### ACTIVITY
Each line below from the line with "valotusaikaa ja 2x2-binningiä." to the line with "Dolazi nam dragi" must be copied exactly, including those two, and no picture may appear in the copy.
DATA EXTRACT: Begin
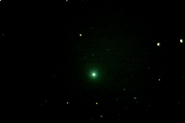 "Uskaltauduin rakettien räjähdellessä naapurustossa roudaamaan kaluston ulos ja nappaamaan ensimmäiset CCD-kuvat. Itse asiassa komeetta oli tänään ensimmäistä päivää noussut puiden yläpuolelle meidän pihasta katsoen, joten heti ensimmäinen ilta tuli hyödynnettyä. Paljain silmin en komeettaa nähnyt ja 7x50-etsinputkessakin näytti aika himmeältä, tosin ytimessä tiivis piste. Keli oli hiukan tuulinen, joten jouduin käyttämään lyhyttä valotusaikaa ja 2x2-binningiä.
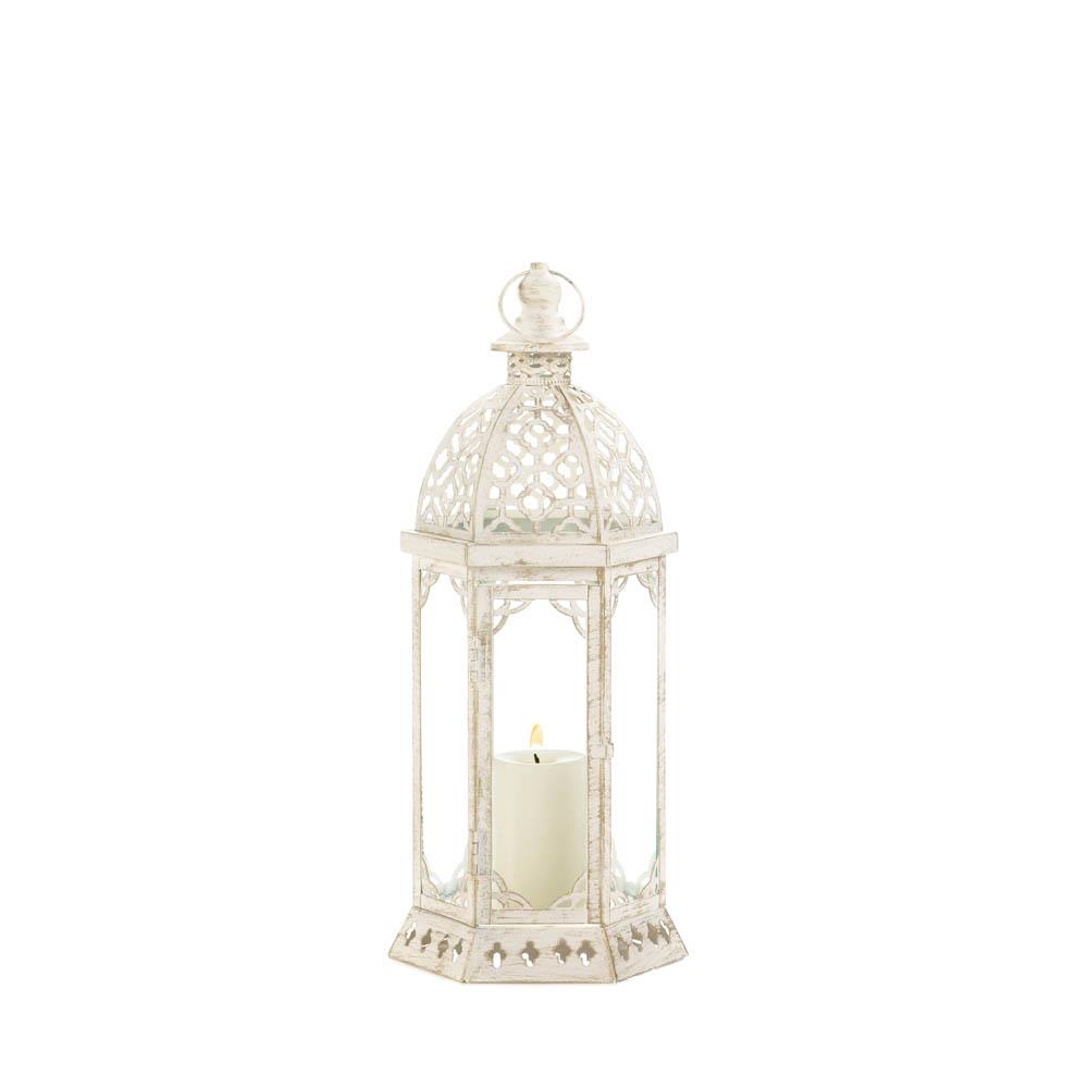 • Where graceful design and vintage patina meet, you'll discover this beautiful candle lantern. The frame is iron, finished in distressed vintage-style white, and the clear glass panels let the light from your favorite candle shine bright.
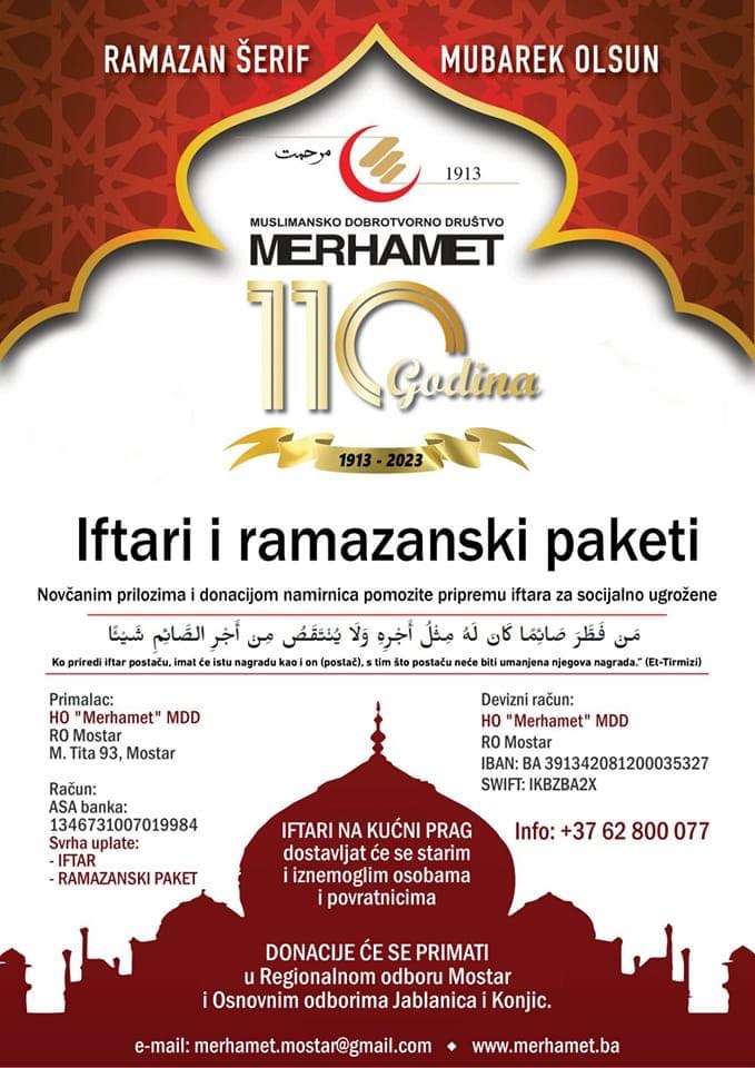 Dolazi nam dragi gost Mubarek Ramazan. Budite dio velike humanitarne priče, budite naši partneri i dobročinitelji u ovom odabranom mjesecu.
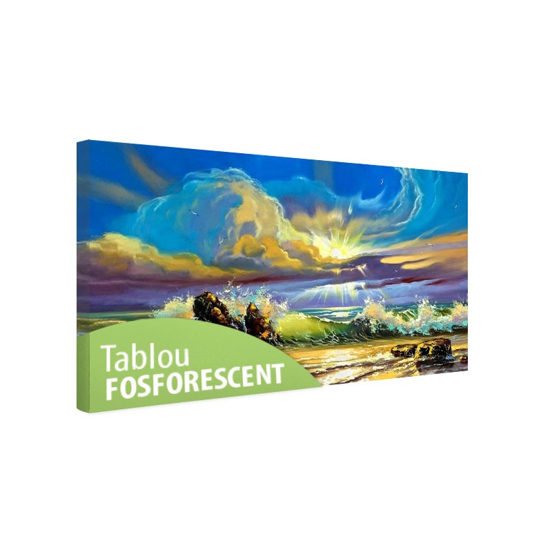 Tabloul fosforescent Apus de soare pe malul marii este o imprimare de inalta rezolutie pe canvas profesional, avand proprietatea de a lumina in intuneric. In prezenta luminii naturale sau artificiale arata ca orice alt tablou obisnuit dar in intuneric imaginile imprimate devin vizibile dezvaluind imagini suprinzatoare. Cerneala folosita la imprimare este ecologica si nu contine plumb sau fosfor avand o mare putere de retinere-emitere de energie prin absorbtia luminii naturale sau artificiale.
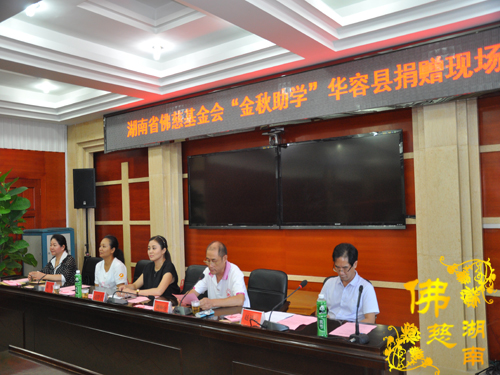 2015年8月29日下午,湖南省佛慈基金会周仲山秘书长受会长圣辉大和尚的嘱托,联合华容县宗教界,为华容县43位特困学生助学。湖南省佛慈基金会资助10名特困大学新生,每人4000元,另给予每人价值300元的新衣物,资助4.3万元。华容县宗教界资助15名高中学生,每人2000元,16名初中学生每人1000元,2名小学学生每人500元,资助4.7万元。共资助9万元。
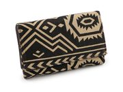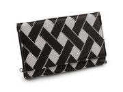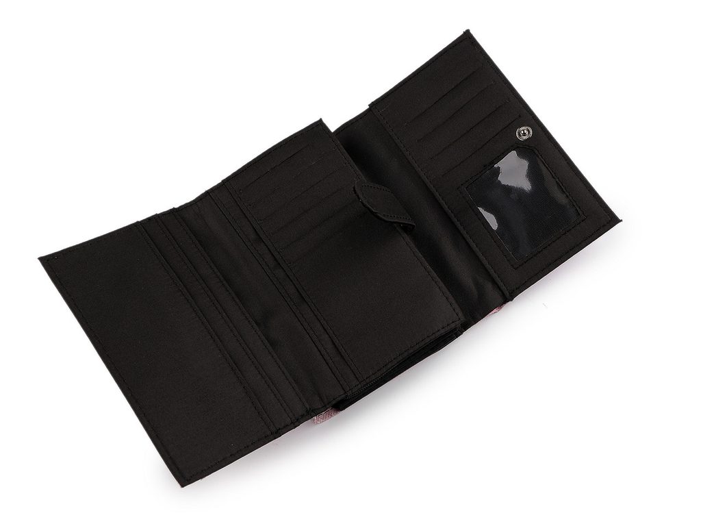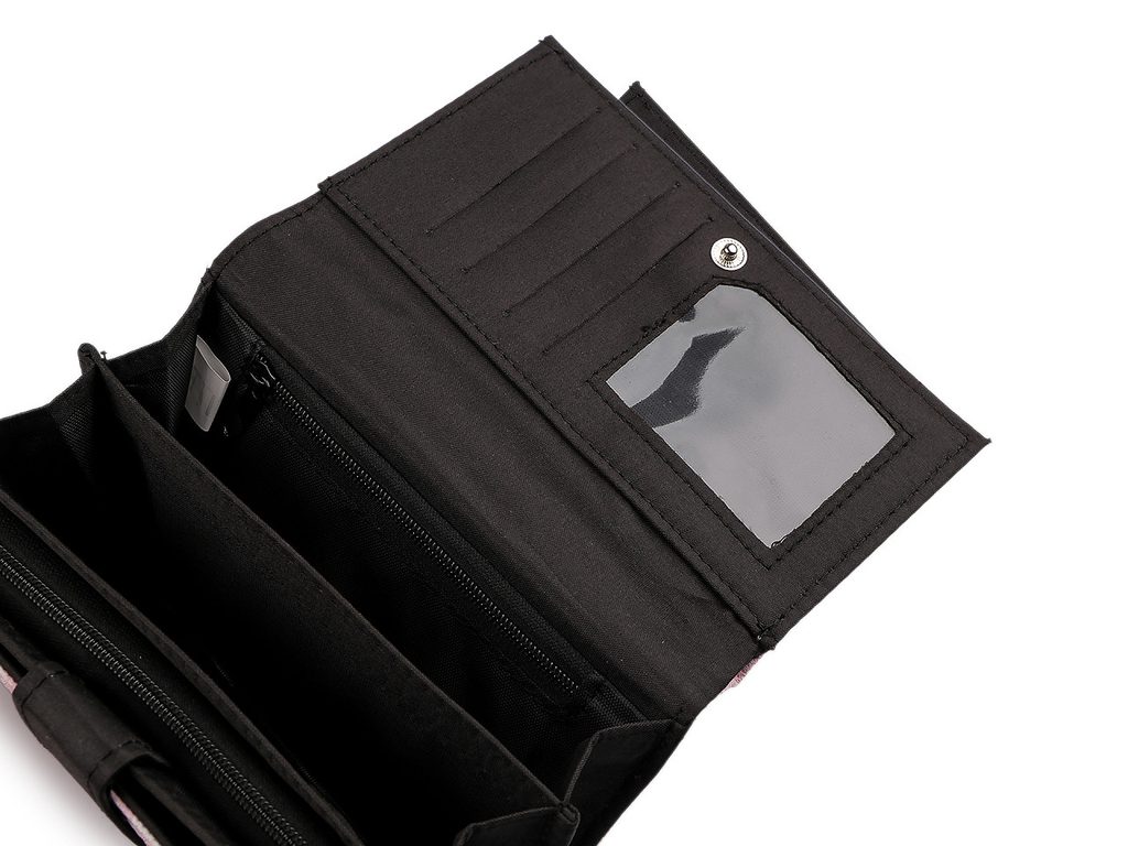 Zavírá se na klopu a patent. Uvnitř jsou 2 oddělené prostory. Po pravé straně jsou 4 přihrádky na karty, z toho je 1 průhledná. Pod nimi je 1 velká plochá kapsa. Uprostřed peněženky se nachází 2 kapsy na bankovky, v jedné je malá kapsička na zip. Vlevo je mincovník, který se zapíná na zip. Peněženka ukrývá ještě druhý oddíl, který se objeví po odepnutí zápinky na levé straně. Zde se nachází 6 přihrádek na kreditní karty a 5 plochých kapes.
DATA EXTRACT: End
DATA EXTRACT: Begin
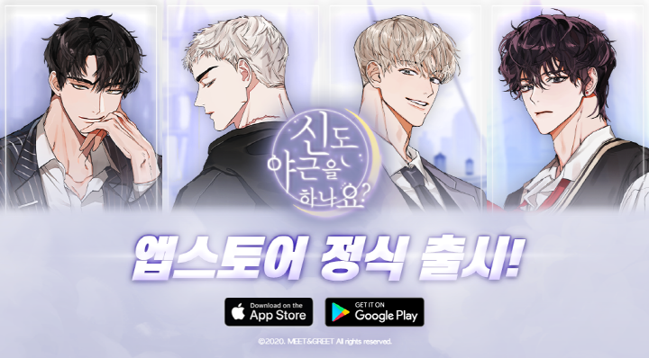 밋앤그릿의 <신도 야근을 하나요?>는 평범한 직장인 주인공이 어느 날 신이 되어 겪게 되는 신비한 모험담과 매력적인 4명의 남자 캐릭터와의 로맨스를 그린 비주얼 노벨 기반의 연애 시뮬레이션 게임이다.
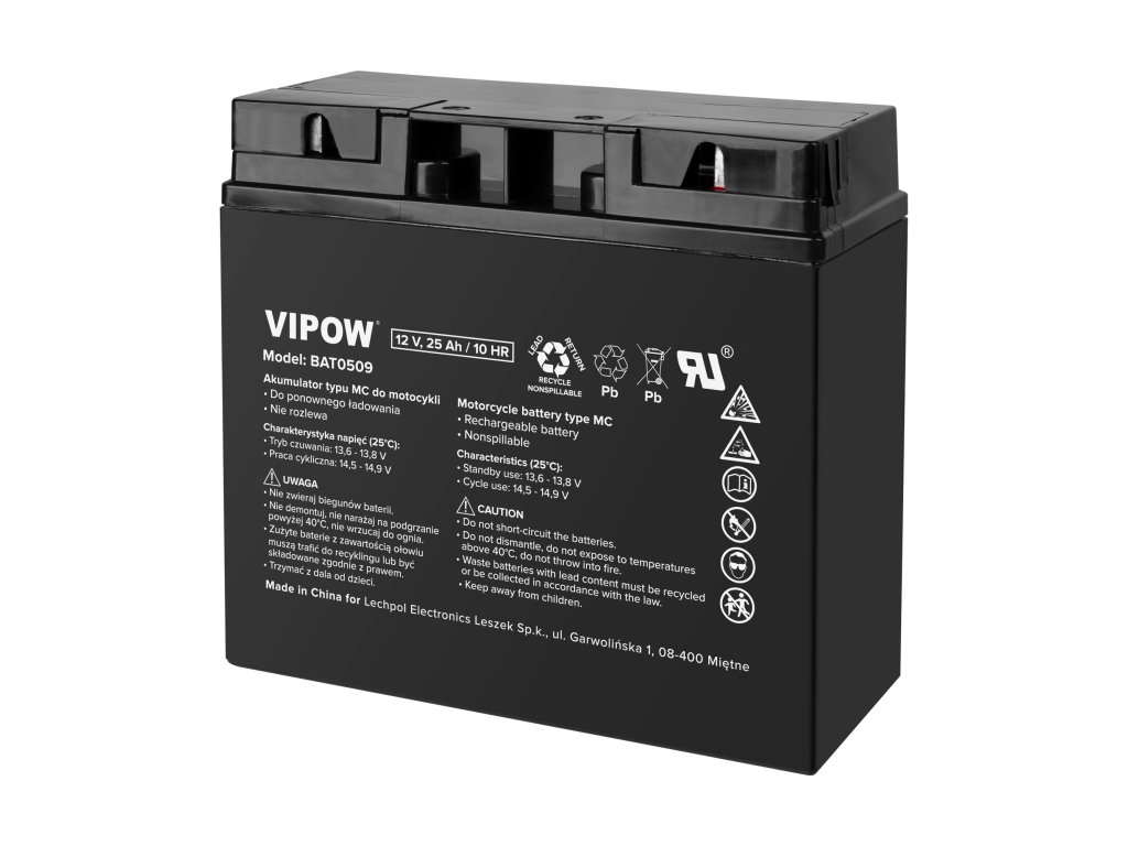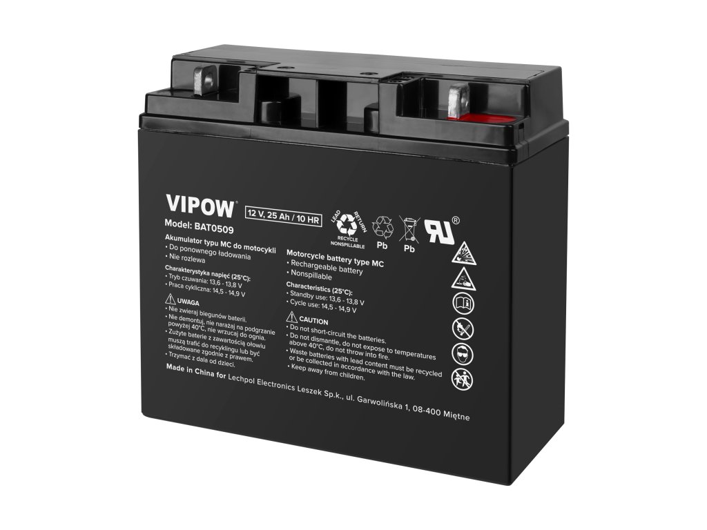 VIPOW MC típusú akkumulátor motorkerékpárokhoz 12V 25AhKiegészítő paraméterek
DATA EXTRACT: End
DATA EXTRACT: Begin
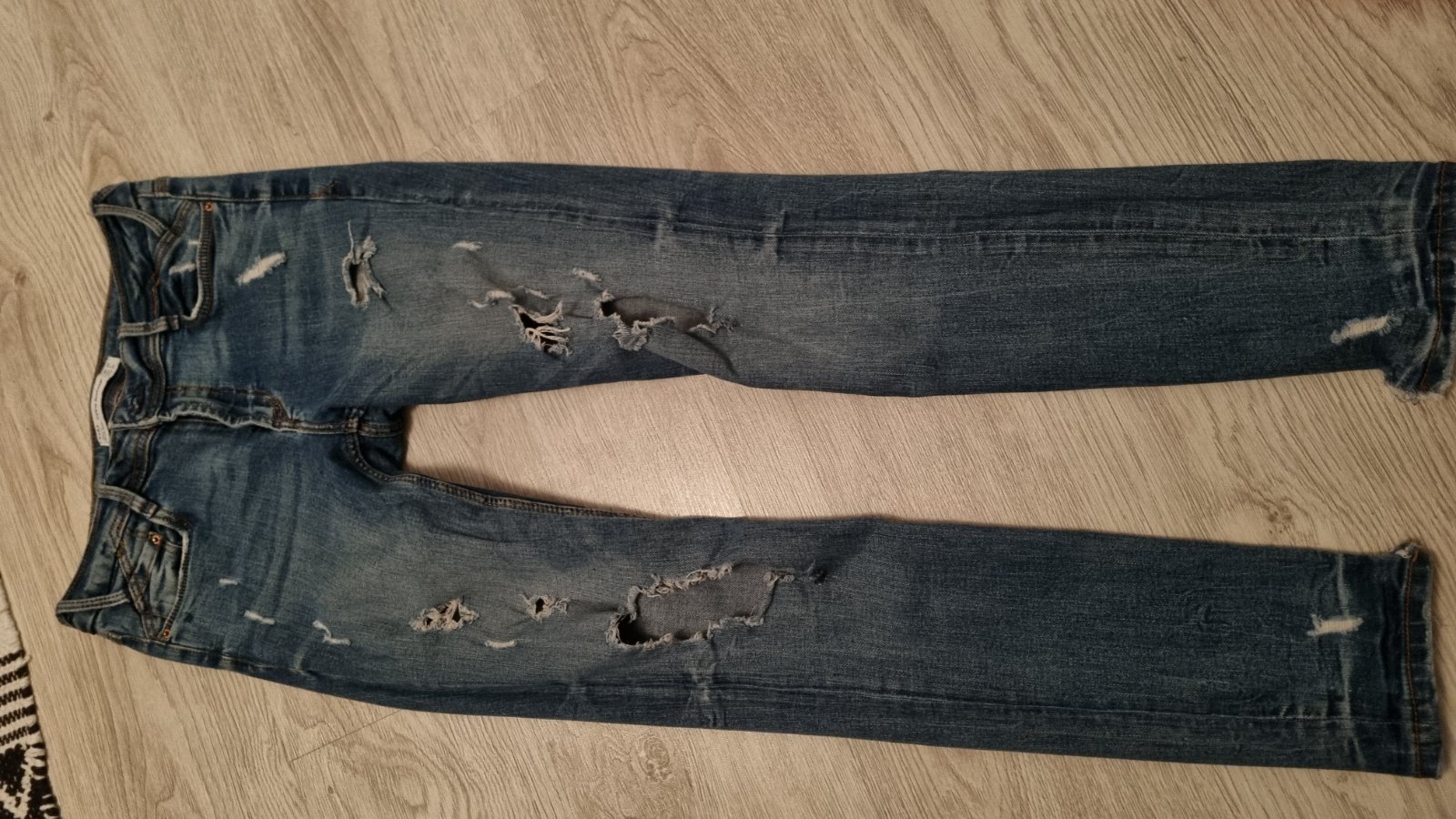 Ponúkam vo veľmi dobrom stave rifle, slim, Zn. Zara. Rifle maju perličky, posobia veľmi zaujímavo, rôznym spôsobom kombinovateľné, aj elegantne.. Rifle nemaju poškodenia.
DATA EXTRACT: End
### SOLUTION FOR THIS TASK
 "Uskaltauduin rakettien räjähdellessä naapurustossa roudaamaan kaluston ulos ja nappaamaan ensimmäiset CCD-kuvat. Itse asiassa komeetta oli tänään ensimmäistä päivää noussut puiden yläpuolelle meidän pihasta katsoen, joten heti ensimmäinen ilta tuli hyödynnettyä. Paljain silmin en komeettaa nähnyt ja 7x50-etsinputkessakin näytti aika himmeältä, tosin ytimessä tiivis piste. Keli oli hiukan tuulinen, joten jouduin käyttämään lyhyttä valotusaikaa ja 2x2-binningiä.
 • Where graceful design and vintage patina meet, you'll discover this beautiful candle lantern. The frame is iron, finished in distressed vintage-style white, and the clear glass panels let the light from your favorite candle shine bright.
 Dolazi nam dragi gost Mubarek Ramazan. Budite dio velike humanitarne priče, budite naši partneri i dobročinitelji u ovom odabranom mjesecu.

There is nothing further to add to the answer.